|
|
リアクション
『天命に終焉を告げたのは』
「よぉ、姫星……姫子って奴のところに行くんだろ? ああ、何があったかなんて言わなくていい。
そんな真剣な顔してるんだ、言わなくても大体分かるさ」
姫子によって地上に送られ、呆然としていた次百 姫星(つぐもも・きらら)は、鬼道 真姫(きどう・まき)の声に意識を取り戻す。彼女だけではない、バシリス・ガノレーダ(ばしりす・がのれーだ)と呪われた共同墓場の 死者を統べる墓守姫(のろわれたきょうどうぼちの・ししゃをすべるはかもりひめ)の姿もあった。
「バシリスも協力するヨ♪ たまには真面目に頑張るネ!」
「ミス次百は最終決戦に備えておきなさい。
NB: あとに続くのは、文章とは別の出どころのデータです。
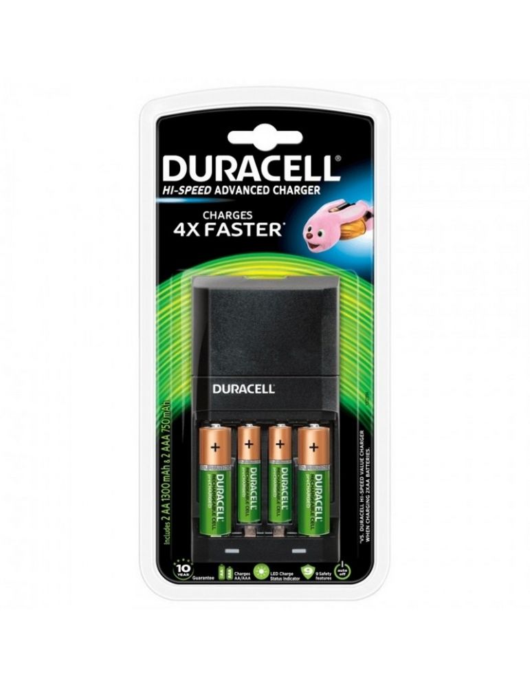 Questo caricatore Duracell può ricaricare le pile AA e AAA in solo 15 minuti. Creato per batterie del tipo NiMH. Possiede 2 vie di ricarica, permettendoli di caricare 2 o 4 batterie allo stesso tempo.

そこに至る道は、私達が絶対に作り出すわ!」
「みんな……うん、ありがとう!
私、絶対姫子さんに言いたかったこと、伝えてくる!」
涙を拭って、姫星が力強く頷く。
「よし、一世一代の大喧嘩と行こうじゃないのさ!」
――そして、メイシュロット+中枢。パートナーの命懸けの働きの末、姫星はかつて仕えた者と相対していた。
「姫子様、まずはこのような無礼をどうかお許しください」
「構わぬ。……何故、我の元に姿を見せた?」
姫子の問いに、姫星が答える。
「私は、頭がよくありません。ですから姫子様のお話の真相も、姫子様がどれほど考えられているかも、ちゃんと理解してないと思うんです。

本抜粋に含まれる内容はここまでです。